Понять, что в итоге получилось, помогла Ирина Анатольевна Венерт, страстная театралка, видевшая всех исполнительниц Жизели, начиная с 1920-х годов. Она не пропускала ни один мой спектакль и обязательно откликалась на каждый развернутой письменной рецензией. А глаз у нее был,
прямо скажем, снайперский.
«Как ни у кого, — писала Ирина Анатольевна, — у Комлевой — Жизели 1-го и 2-го акта были две разные Жизели, два разных существа в одном теле, безвозвратно рассеченных мечом смерти». И главное о 2-м акте, о том, что здесь было нового: «Всё живое, все живые выражения нежности, любви, страсти — всё это уже за порогом смерти. Но есть познание всего, и она спасает Альберта, помогает ему прожить в танце эту страшную ночь, потому что знает — как, и потому что знает «оттуда» — и всё его горе, и раскаяние, и запоздалую любовь, и знает больше, чем он, живой — что возврата нет. Ведь вечность известна ей больше, чем ему. Такой я вижу Жизель-Комлеву 2-го акта, и она меня восхищает — новизной, смелостью и правдой. Потому что мне кажется, что только сейчас я поняла, что главное-то в Жизели 2-го акта — сыграть смерть... после смерти...» (цит. по: [2, с. 159-183]).
А ведь поступала я, как сказано, интуитивно и никогда свою роль заранее не конструировала. Почему-то вспоминалась блокада, и это чувство за-мороженности и безразличия к смерти. Да, наверное, память детства, память о страшных днях медленного умирания в мою Жизель неосознанно вошли.

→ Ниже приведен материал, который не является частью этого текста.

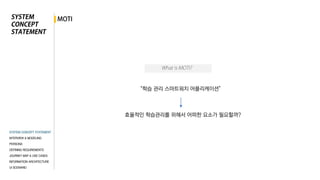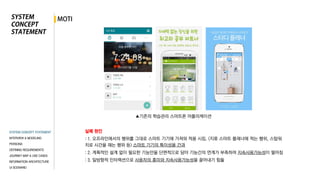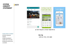 ๋งค์ฐ ๋ฎ์. ํนํ ๊ณต๋ถ๋ฅผ ์ํด IT ๊ธฐ๊ธฐ ์ฌ์ฉ์ ์์ ํ๋ ํธ์ด๋ค. ํ ๊ต์ค์ ๋ฐ ์ ๋๋ 2Gํธ๋ํฐ์ผ๋ก ๋ฐ๊พธ๊ณ , ๋๋จธ์ง ๋ฐ ์ค์์๋ SNS๋ฅผ ๋ ๋๋ค๊ณ ํ๋ค. ๊ณต๋ถ ๋๊ธฐ๋ถ์ฌ: ๊ฟ์ ์ด๋ฃจ๊ธฐ ์ํด ๊ณต๋ถ๋ฅผ ํ๋ ๊ฒ์ด ์๋๋ผ, ๋จ์ง ์ข์ ๋ํ๊ต๋ฅผ ์ํด์ ๊ณต๋ถํ๋ ๊ฒฝํฅ์ด ์๋ค. ๊ณต๋ถ๋ฅผ ์ ํด์ผ ํ๋์ง ๋ชฉํ๋ ๋๊ธฐ์ค์ ์ด ์ ๋๋ก ์ ๋ ์ด ์๋ค. ์ข์ ๋ํ๊ต๊ฐ ์ธ์์ ์ ๋ถ๋ผ๊ณ ์๊ฐํ๋ ๊ฒ์ ๋ฌธ์ ๊ฐ ์๋ค. ๊ณต๋ถ๋ฅผ ํด์ผ ํ๋ ๋ชฉ์ ์ด ์ ํํด์ผ ์ ๋๋ก ๋ ๋๊ธฐ ๋ถ์ฌ๊ฐ ๋ ๊ฒ์ด๋ค. ๊ณต๋ถ ์๊ทน: ์์ ์ ์ฌ๊ฐ์ฑ์ ๊นจ๋ซ๋ ๊ฒ์ด ํฐ ์๊ทน์ด ๋๋ค. ํ์ฌ ์ํฉ์ ์ง์ํ๊ณ ์๊ธฐ์ํค๋ ๋ฐฉ์์ผ๋ก ์๊ทน์ ์ํจ๋ค. ๊ณต๋ถ ํํธ๋: ํํธ๋๊ฐ ๊ณต๋ถ๋ง ์ํค๋ ๊ฒ์ด ์๋๋ผ ๊ฐ์ด ๋๊ฑฐ๋ ์ฌ๊ธฐ๋ ํด์ผ ํ๋ค. ์ฌ๋ฏธ์๋ ๋ํ์ํ์ ๋ํ ์ฌ๋ด์ ํ๋ฉฐ ์ฌ๋ฏธ๋ฅผ ์ฃผ๋ ๊ฒ๋ ์ข๋ค. ์กฐ์ธ: ์๊ทน์ด ๋๋ ๋ง๋ ์ค์ํ์ง๋ง, ๋ง์์ ์๋กํ๋ ๋ง์ด ๋ ์ํฅ์ด ํฌ๋ค. ์ํ์์ ์๋ฐ๊ฐ์ด ํฌ๊ณ , ์คํธ๋ ์ค๋ฅผ ๋ง์ด ๋๋ผ๋ ์ํ์ด๋ค. โ์๊ณ ํ์ดโ โ์ํ์ดโ โ์ ํ ๊ฑฐ์ผโ ๋ฑ์ ์๋ก์ ๋ง์ ์ํ๊ณ ์๋ค. ๊ณต๋ถ ๊ฐ์ ์ฑ: ํ์คํ ๋ณด์์ด๋ ์ฒ๋ฒ, ๊ฐ๋ ฅํ ์๊ทน ๋ฑ์ผ๋ก ๊ฐ์ ์ฑ์ ๋ถ์ฌ ๋ฐ๊ธฐ๋ฅผ ํ์๋ค๋ ์ํ๊ณ ์๋ค. ๊ณต๋ถํ ๋ ์ค์ค๋ก ๋ชจ๋ ๊ฒ์ ํ๋ ๊ฒ์ ํ๊ณ๊ฐ ์๊ณ ์ผ์์ค๊ณผ ๊ฐ ์ ํ๊ฒฝ์ ์ํ๋ ์ด์ ์ด๊ธฐ๋ ํ๋ค. ํ์ง๋ง ๊ฐ์ ์ฑ์ด๋ ๊ฒ์ด โ์ซ์ด๋ ํ๊ฒ ํด์ค๋คโ๋ ์ ์์ ํ์ํ๋ค๋ ๊ฒ์ ๊ณ ๋ คํ๋ฉด,์ ๋๊ฐ ์ง๋์ณ์๋ ์ ๋๋ค. ํนํ ์ค๋งํธ์์น ๋ ๋ณธ์ธ์ด ์ ์ฐจ๋ฉด ๊ทธ๋ง์ด๊ธฐ ๋๋ฌธ์ ๋์ฑ ์ฃผ์๋ฅผ ๊ธฐ์ธ์ด์ผ ํ๋ค. ์๋ฐํ ์ค์ : ํ์๋ค์ ๋ฏ์ ์บ๋ฆญํฐ๋ณด๋ค ์๋ ์๊ณ ์๋ ์น๊ตฌ๋, ์์ ์ ๋ถ๋ชจ๋์ ํตํด์ ์กฐ์ธ์ ๋ฃ๊ธฐ๋ฅผ ์ํ๋ค. ์ด์ฉ์์ ์ทจํฅ๋๋ก ์ค์ ํ๊ณ ์ถ์ดํ๋ค. ์๋ฅผ ๋ค์ด ์๋ฐ ํ์ ์ผ๊ตด์ ์นํ ์น๊ตฌ์ ์ผ๊ตด์ ๋ถ์ฌ๋๊ฑฐ๋ ์ฐ์์ธ์ ์ผ๊ตด์ ๋ถ์ฌ๋๋ ๋ฑ์ด๋ค. ์น์๋๋ฅผ ๋๋ผ๋ ๋งํผ ์ํฅ๋ ฅ์ด ํฌ๊ณ ,๊ฐ์ ์ด ๊ฐ์ ํ๋ค. ๊ธฐ๋ฅ: ์ฌ๋ฌ๊ฐ์ง ๊ธฐ๋ฅ์ ํจ๊ป ์ฌ์ฉํ ์ ์์ด์ผ ํ๋ค. ์์ด ๋จ์ด๋ฅผ ์ฐพ๋ ์ฌ์ ์ผ๋ก์์ ๊ธฐ๋ฅ, ์คํ์์น ๊ธฐ๋ฅ, ์๋ ๊ธฐ๋ฅ ๋ฑ์ด๋ค. ์์ ์ ๋์๋ณด๋ ๊ธฐ๋ฅ ๋ฑ๋ ํ์ํ๊ณ , ๋ชฉํ ๋ฅผ ์ด๋ฃจ๊ธฐ ์ํด ๋ฌด์์ด ๋ถ์กฑํ๊ณ ๋ฌด์์ด ์ ๋๊ณ ์๋์ง ์ฒดํฌํด์ฃผ๋ ๊ธฐ๋ฅ๋ ์์ผ๋ฉด ์ข๋ค. ์ฌ์ฉ์: ๊ณต๋ถ๋ฅผ ๋ฐฉํดํ ์ ์๋ ๊ธฐ๋ฅ์ ์ต์ํํด์ผ ํ๋ค. ๊ณต๋ถ์ ์ง์คํด์ผ ํ๋ฏ๋ก ์ฌ์ฉ์ ์ํด ๋ง์ ๋ฐ์ดํฐ๋ฅผ ์ ๋ ฅํด์ผ ํ๋ ๊ฒ์ ์ข์ง ์๋ค ์คOO/ 19์ธ ์ฌ ๊ณ ๋ฑํ์

«Жизель» всегда оставалась для меня живым спектаклем. К нему было так интересно возвращаться и проживать каждую ситуацию, сценическую и танцевальную, заново. Неизменно помогала мне тут музыка, и я жадно вслушивалась в нее, выискивая в ней то, что прежде не освоила, не поняла, не охватила. Замечательная музыка, она какая-то объемная, открывает целое пространство крупных эмоций и тончайших всплесков, переливов чувств. И чувств не мелких, а масштабных.
Моя Жизель во времени менялась: костяк роли сохранялся, обогащались нюансы и оттенки. И тут мне чрезвычайно повезло встретиться с «Сильфидой» — родоначальницей романтического балета.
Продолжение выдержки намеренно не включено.